Beginning with the line containing "- Теперь игроки" and ending with the line containing "A luxury ground-floor", write out each line of the records below exactly; pictures and lines outside that range are left out.

[Saved data entries]
[Start of Attachment]

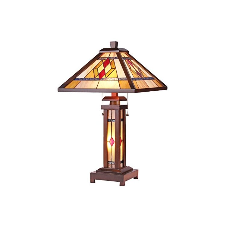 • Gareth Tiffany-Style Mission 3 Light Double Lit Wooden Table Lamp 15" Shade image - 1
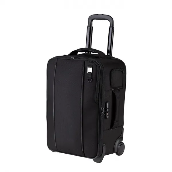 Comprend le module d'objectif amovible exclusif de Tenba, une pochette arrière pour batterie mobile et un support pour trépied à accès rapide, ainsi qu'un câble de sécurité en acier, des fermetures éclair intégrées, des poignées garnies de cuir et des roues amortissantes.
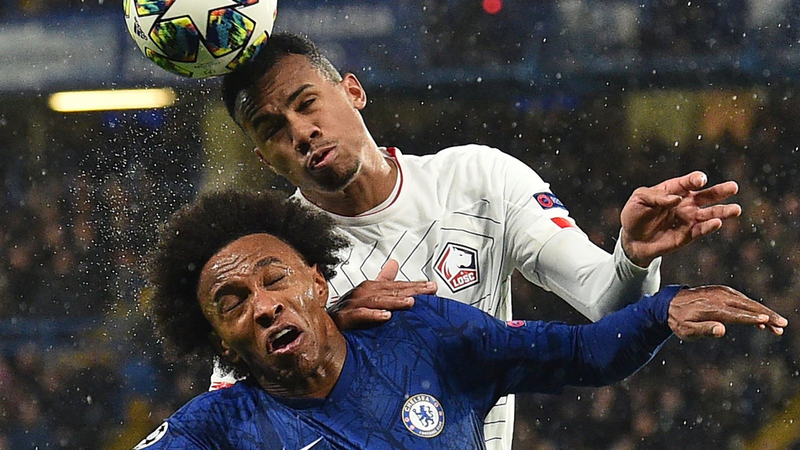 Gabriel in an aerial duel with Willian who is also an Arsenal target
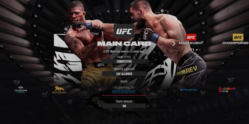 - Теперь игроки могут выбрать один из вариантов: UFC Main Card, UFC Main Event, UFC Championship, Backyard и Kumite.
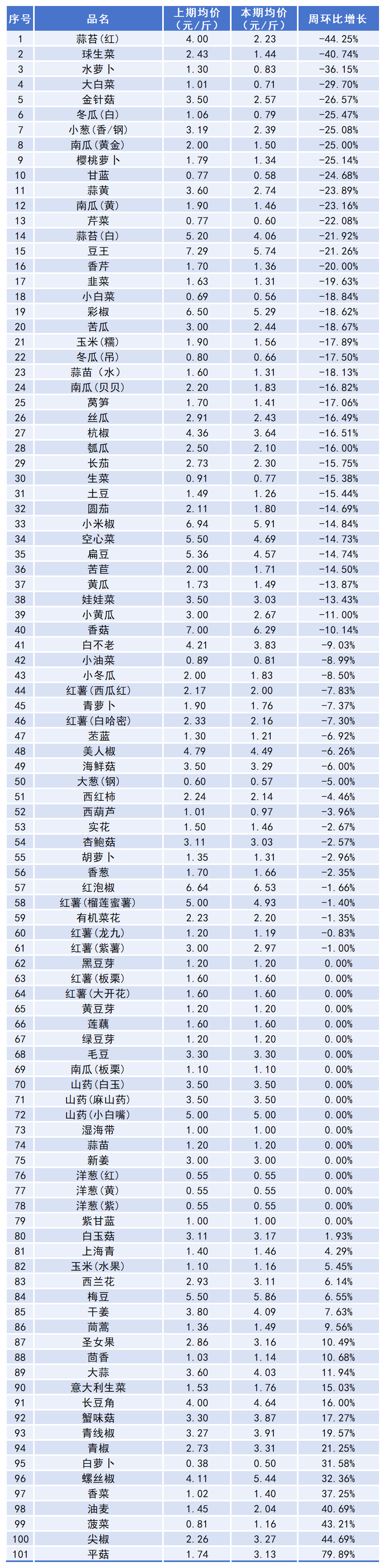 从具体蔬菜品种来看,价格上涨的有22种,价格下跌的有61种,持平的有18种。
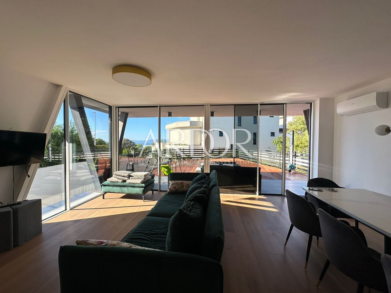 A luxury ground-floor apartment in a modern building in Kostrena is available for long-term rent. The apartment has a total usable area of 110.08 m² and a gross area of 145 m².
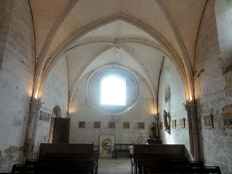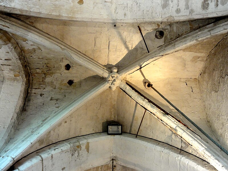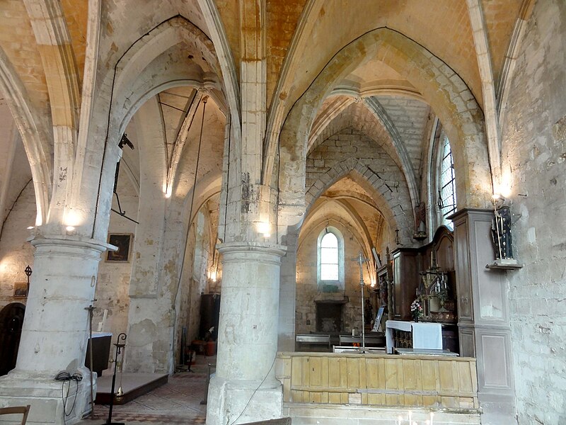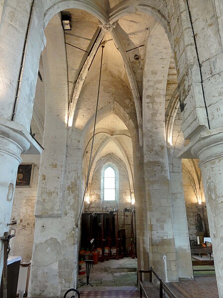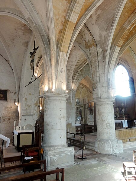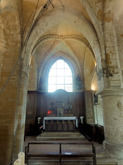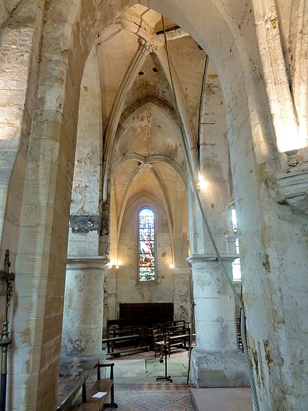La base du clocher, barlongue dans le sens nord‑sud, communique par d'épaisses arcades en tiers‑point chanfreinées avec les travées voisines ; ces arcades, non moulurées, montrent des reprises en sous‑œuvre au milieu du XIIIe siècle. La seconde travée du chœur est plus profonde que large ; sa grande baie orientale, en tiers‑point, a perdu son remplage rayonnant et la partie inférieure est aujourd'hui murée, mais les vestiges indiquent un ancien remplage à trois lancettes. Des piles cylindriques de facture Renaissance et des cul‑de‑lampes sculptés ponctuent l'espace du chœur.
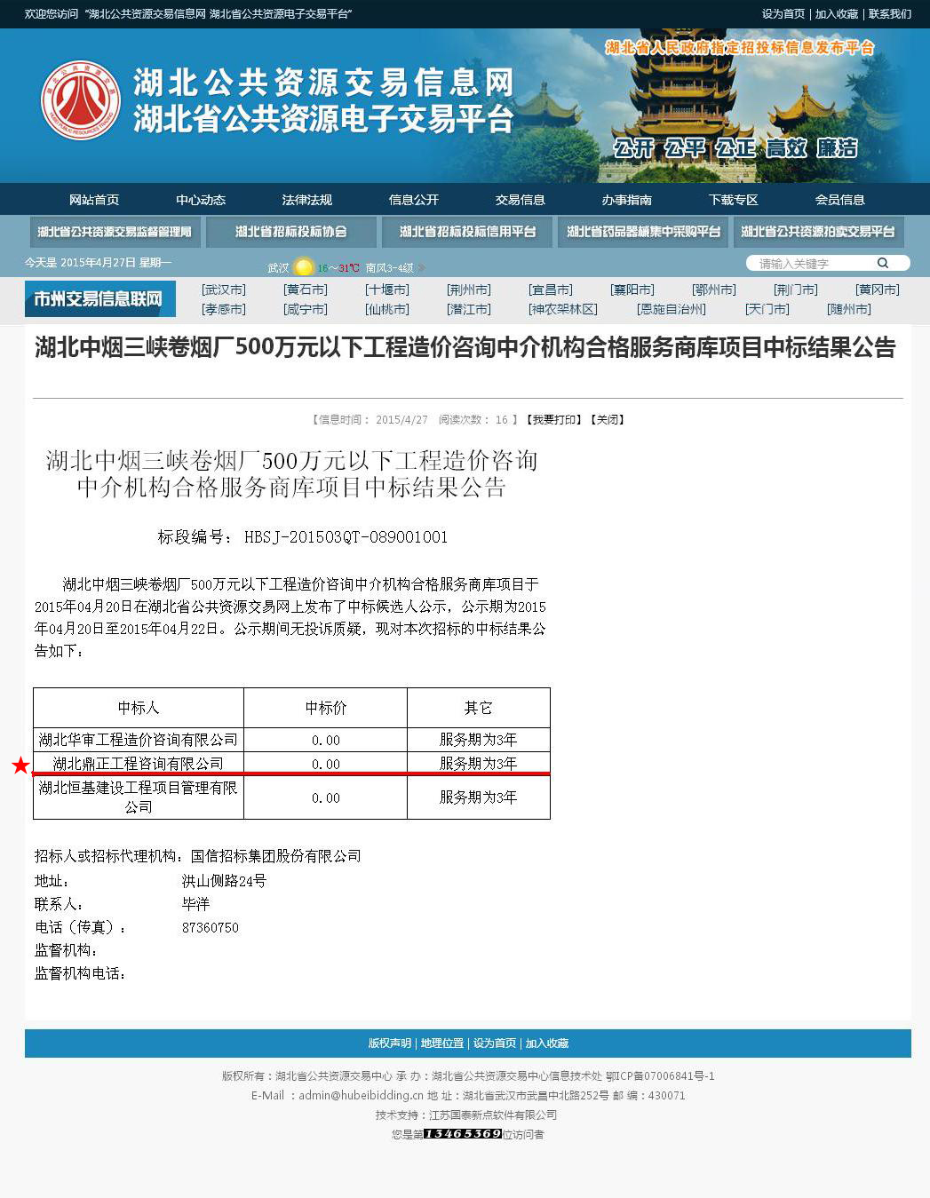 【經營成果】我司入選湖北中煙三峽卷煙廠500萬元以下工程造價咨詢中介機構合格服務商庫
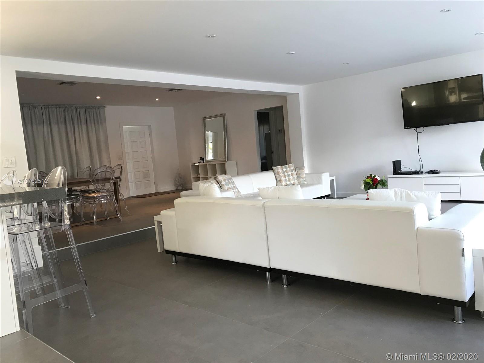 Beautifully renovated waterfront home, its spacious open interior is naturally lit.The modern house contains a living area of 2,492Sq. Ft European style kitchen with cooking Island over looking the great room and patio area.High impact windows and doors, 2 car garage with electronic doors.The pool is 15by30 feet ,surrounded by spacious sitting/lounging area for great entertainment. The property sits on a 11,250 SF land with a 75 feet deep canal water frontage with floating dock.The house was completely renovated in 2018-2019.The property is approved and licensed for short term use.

[End of Attachment]

◆ **Response**
 - Теперь игроки могут выбрать один из вариантов: UFC Main Card, UFC Main Event, UFC Championship, Backyard и Kumite.
 从具体蔬菜品种来看,价格上涨的有22种,价格下跌的有61种,持平的有18种。
 A luxury ground-floor apartment in a modern building in Kostrena is available for long-term rent. The apartment has a total usable area of 110.08 m² and a gross area of 145 m².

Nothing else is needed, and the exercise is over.